- Your instructions
Where the line holding "Experience the serene" appears, start copying, and continue exactly through the last line of the listing, skipping pictures.

- Input for this task
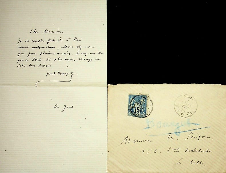 Paul Bourget (1852-1935), écrivain, membre de l'Académie française. L.A.S. + enveloppe, 11 décembre 1884, 1/2p in-8. Au critique d'art François Thiébault-Sisson (1856-1944). « Cher Monsieur, Je ne compte pas être à Paris avant quelque temps, allant chez mon père pour plusieurs semaines. Excusez-moi donc pour ce lundi 22 décembre encore et croyez-moi votre bien dévoué Paul Bourget ». [93]
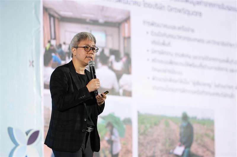 ในช่วงที่สอง นำเสนอหัวข้อ “เพิ่มผลผลิต ลดต้นทุน ด้วยเทคโนโลยีเกษตร” โดย รศ.ดร.ขวัญตรี แสงประชาธนารักษ์ จากมหาวิทยาลัยขอนแก่น ได้ชี้ให้เห็นเหตุผลสำคัญว่าเหตุใดเกษตรกรจำนวนมากยังไม่ใช้เทคโนโลยี โดยพบว่าเกษตรกรยังไม่เชื่อมั่นว่าการลงทุนคุ้มค่า แม้คุณภาพผลผลิตดีขึ้น แต่ราคาที่ได้รับไม่สะท้อนคุณภาพ ทำให้ขาดแรงจูงใจ อีกทั้งยังขาดบุคลากรด้านเทคโนโลยี เพราะแรงงานสูงวัยไม่กล้าลงทุน และคนรุ่นใหม่เข้าสู่อาชีพเกษตรน้อยลง อย่างไรก็ตาม เริ่มเห็นตัวอย่างเกษตรกรยุคใหม่ที่ประสบความสำเร็จ เช่น กลุ่มทำนาประณีตที่ชัยภูมิ และทายาทอ้อยร้อยล้านที่บุรีรัมย์ ที่หันมาใช้เทคโนโลยีและสร้างอาชีพใหม่ เช่น บริการโดรนพ่นยา และให้เช่าเครื่องจักรสมัยใหม่ ซึ่งช่วยลดต้นทุน เพิ่มผลผลิต และสร้างรายได้มั่นคง
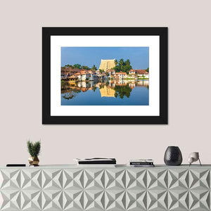 Experience the serene beauty of the Thiruvananthapuram Temple with this stunning canvas wall art. The grand, ornate structure reflects gracefully in calm waters, surrounded by a harmonious palette of blue, yellow, and earthy tones. This piece captures the tranquil essence of traditional architecture and is perfect for enhancing your living space.
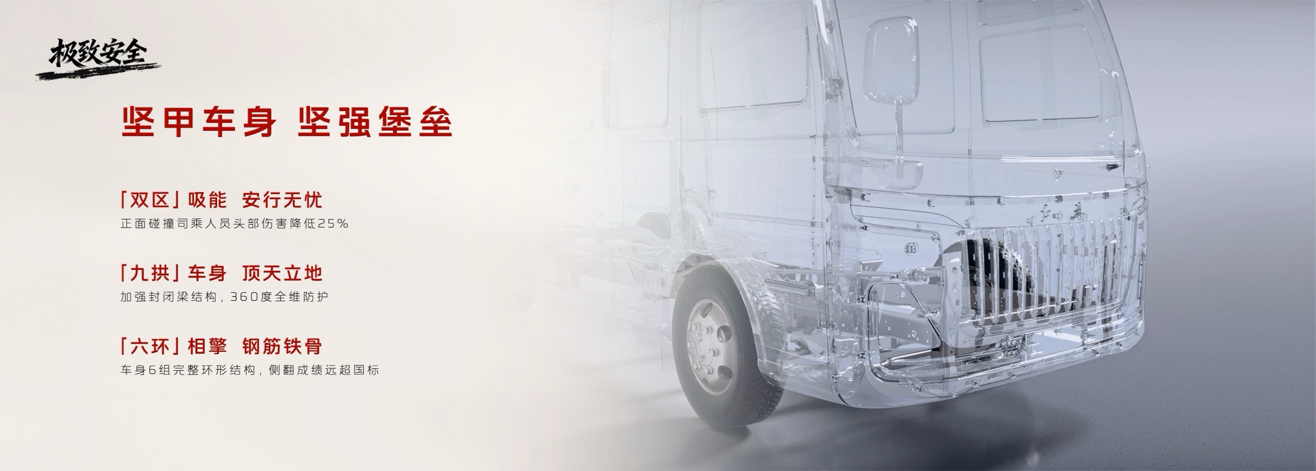 安全是永不妥协的底线。该车采用独特的“九拱六环”坚甲车身,是同级唯一满足《客车正面碰撞的乘员保护》强制标准的车型。更关键的是在主动安全上的超前标配:全系标配ESC+eBooster核心制动系统,提升操控稳定性与避险能力;并行业首发应用了针对大车优化的液压制动AEBS(自动紧急制动)系统,通过融合感知降低误报,制动策略更平稳,直接回应了营运车队对复杂路况安全性与乘客体验的双重需求。
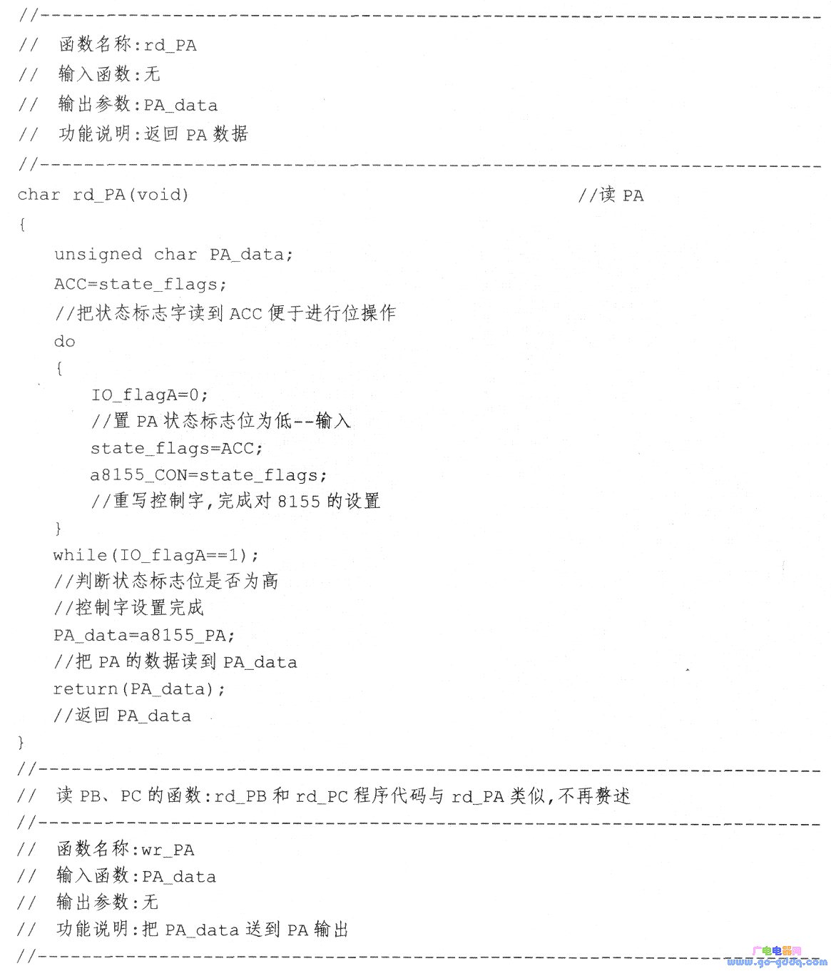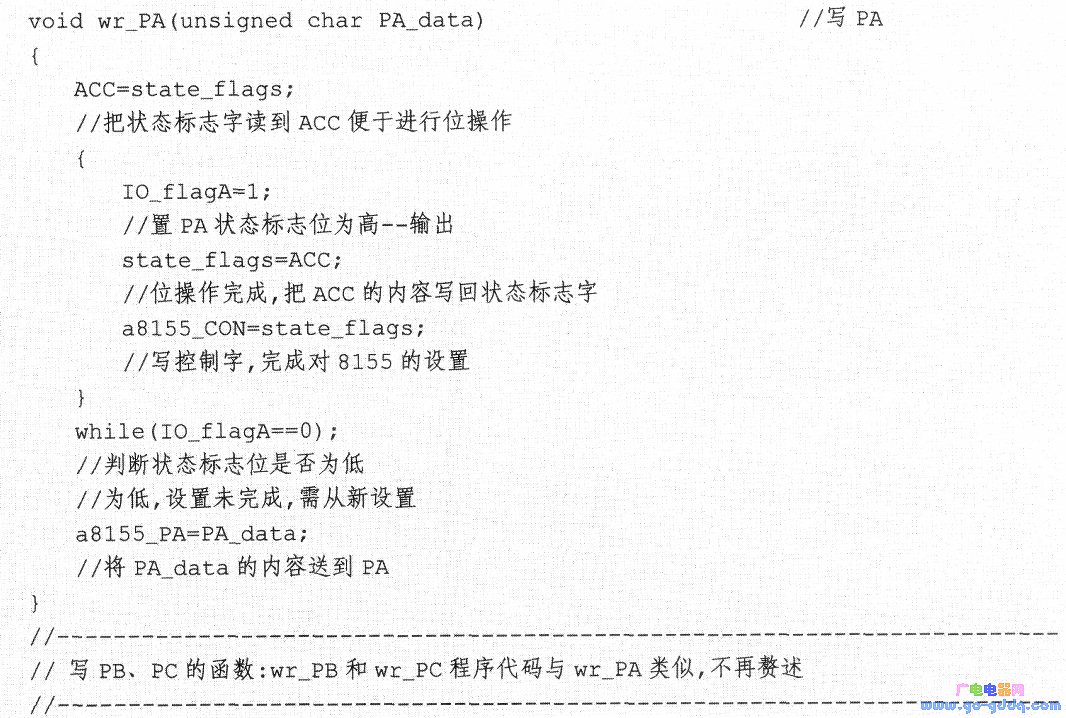 端口PA、端口PB以及端口PC的读写设置函数主要完成对8155端口的输入输出设置及数据读写,程序代码如下:
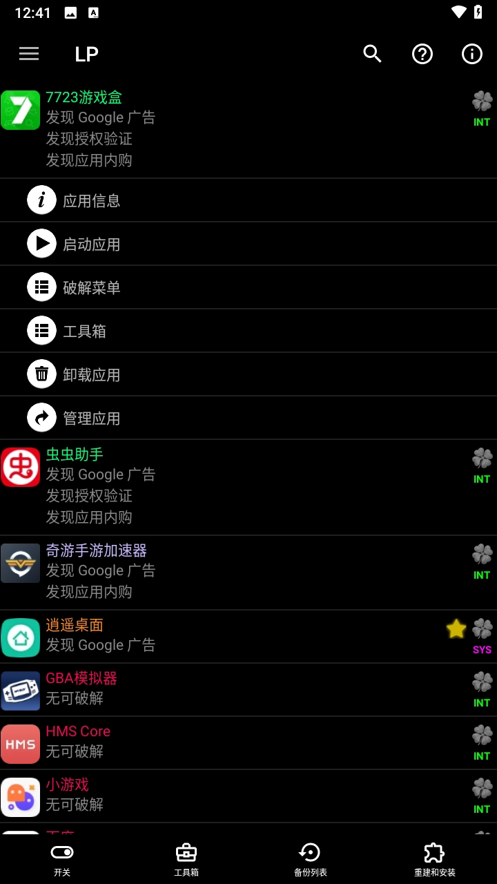 幸运是一款软件,想改软件或者的话,这个工具能派上用场,不过得有root权限才行。能支持xposed,能当模块用,自己单独用也没问题,能帮着去掉广告,像Tank Riders、Reckless Racing HD、Ground Effect HD、Spirit、Aftermatch这些都能试试,但没法保证每次都能修改成功,所以才叫幸运。用的时候选中应用,长按一下就能弹出菜单,操作挺简单的。

- Your response
 Experience the serene beauty of the Thiruvananthapuram Temple with this stunning canvas wall art. The grand, ornate structure reflects gracefully in calm waters, surrounded by a harmonious palette of blue, yellow, and earthy tones. This piece captures the tranquil essence of traditional architecture and is perfect for enhancing your living space.
 安全是永不妥协的底线。该车采用独特的“九拱六环”坚甲车身,是同级唯一满足《客车正面碰撞的乘员保护》强制标准的车型。更关键的是在主动安全上的超前标配:全系标配ESC+eBooster核心制动系统,提升操控稳定性与避险能力;并行业首发应用了针对大车优化的液压制动AEBS(自动紧急制动)系统,通过融合感知降低误报,制动策略更平稳,直接回应了营运车队对复杂路况安全性与乘客体验的双重需求。
 端口PA、端口PB以及端口PC的读写设置函数主要完成对8155端口的输入输出设置及数据读写,程序代码如下:
 幸运是一款软件,想改软件或者的话,这个工具能派上用场,不过得有root权限才行。能支持xposed,能当模块用,自己单独用也没问题,能帮着去掉广告,像Tank Riders、Reckless Racing HD、Ground Effect HD、Spirit、Aftermatch这些都能试试,但没法保证每次都能修改成功,所以才叫幸运。用的时候选中应用,长按一下就能弹出菜单,操作挺简单的。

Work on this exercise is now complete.